PROBLEM DESCRIPTION: Skip the pictures. Output only the lines below starting at the line with "6月12日上午美国北亚利桑那" and ending at the line with "一组满背大气九龙拉棺纹身图案作品和手稿", both ends included, exactly as they are.
───── EXERCISE INPUTS
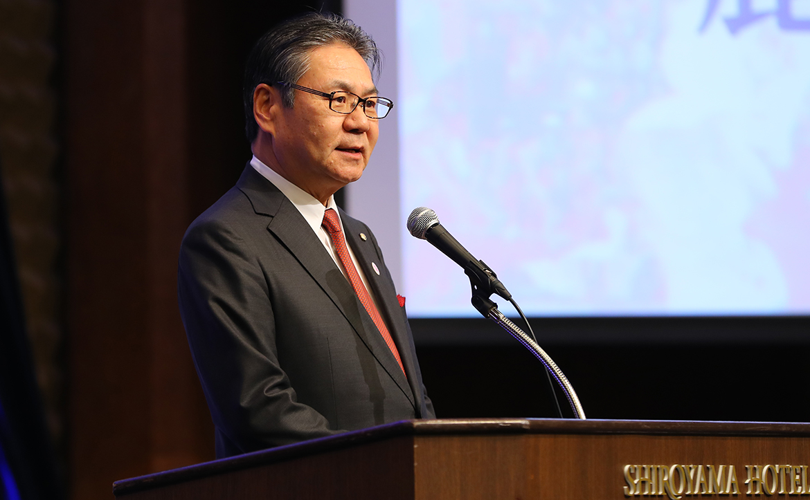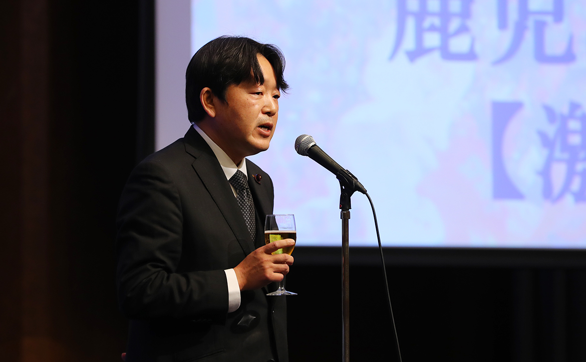 「本日は清水エスパルス後援会激励会がこのように盛大に開催されますことを心からお慶び申し上げます。先ほど、会長の東社長、また副市長の松永様からご挨拶をいただきましたが、このように大勢の鹿児島の後援会の皆さま、また今日は静岡からも私ども多数お邪魔しておりまして、両地域の皆さまが一同に介して静岡県が誇る清水エスパルスをともに激励できる場に参加させていただきますことは大変光栄でございます。ありがとうございます。また、本日ご出席の皆さま方は、日頃より静岡・鹿児島両県の交流拡大に多大なるご支援、ご協力をいただいているところでございます。この場を借りし、厚く御礼を申し上げる次第でございます。
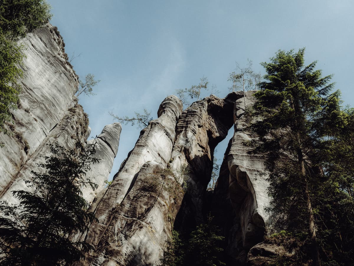 To miejsce to czeski klasyk – i nie bez powodu. Adršpach leży w Parku Narodowym i zachwyca od pierwszego kroku. Na wejściu wita nas szmaragdowe jeziorko, potem wędrujemy wśród tysięcy skalnych wież, z których najwyższa – Kochankowie (czes. Milenci) – ma ponad 80 metrów. Po drodze: wodospad, gotycka brama, Mysia Dziura (czyli szczelina szerokości 50 cm) i formacje skalne, które wyglądają jak postacie z legend.
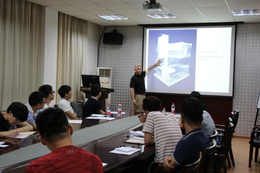 6月12日上午美国北亚利桑那大学工程学院,土木工程、建设管理、环境工程系副主任斯蒂芬·米德教授应邀来我校作了题为“未来住房建筑的设计和构建”的学术报告。斯蒂芬·米德教授引用了大量的工程实例,深入浅出的讲述了未来建筑向着绿色环保,智能化发展。报告介绍了新型生物材料在建筑行业的应用,建造可持续发展的社区,公园化集约化的居住场所,创新交通解决方式等。为师生带来了一场别具一格的学术报告。报告结束后,斯蒂芬·米德教授与师生进行交流互动。本报告由能源学院、学科办、柴敬教授光纤光栅传感监测创新团队联合举办。理学院刘金瑄教授主持了报告会,能源学院、建工学院、理学院多名师生聆听了报告会。
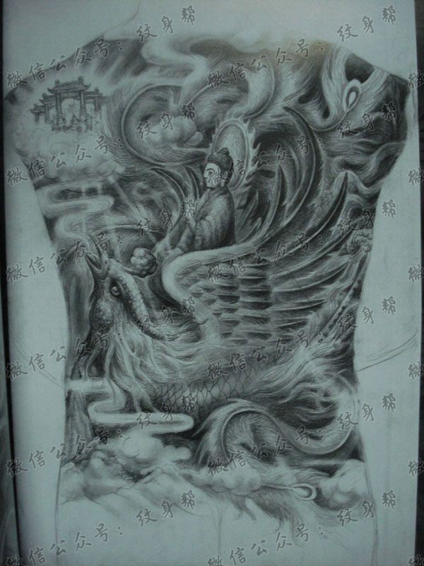 一组满背大气九龙拉棺纹身图案作品和手稿
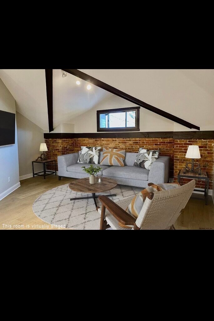Unit 408 is a fantastic fourth floor unit with 2 bedrooms all on one level. 965 sf with vaulted ceiling and timber beams and exposed original brick. Amenities include granite countertops, stainless steel appliances, tiled backsplash, wood flooring, kitchen breakfast bar, bathroom double sinks, decorative lighting fixtures, custom closet package, and washer & dryer. Two surface parking spots are included. This property is perfect for the “lock and leave” lifestyle. Very close to fabulous downtown restaurants, parks and shops. Interior photos are of the actual unit. Exterior Maintenance, Maintenance Grounds, Snow Removal, Trash all included
──────────
RESPONSE BOX:
 6月12日上午美国北亚利桑那大学工程学院,土木工程、建设管理、环境工程系副主任斯蒂芬·米德教授应邀来我校作了题为“未来住房建筑的设计和构建”的学术报告。斯蒂芬·米德教授引用了大量的工程实例,深入浅出的讲述了未来建筑向着绿色环保,智能化发展。报告介绍了新型生物材料在建筑行业的应用,建造可持续发展的社区,公园化集约化的居住场所,创新交通解决方式等。为师生带来了一场别具一格的学术报告。报告结束后,斯蒂芬·米德教授与师生进行交流互动。本报告由能源学院、学科办、柴敬教授光纤光栅传感监测创新团队联合举办。理学院刘金瑄教授主持了报告会,能源学院、建工学院、理学院多名师生聆听了报告会。
 一组满背大气九龙拉棺纹身图案作品和手稿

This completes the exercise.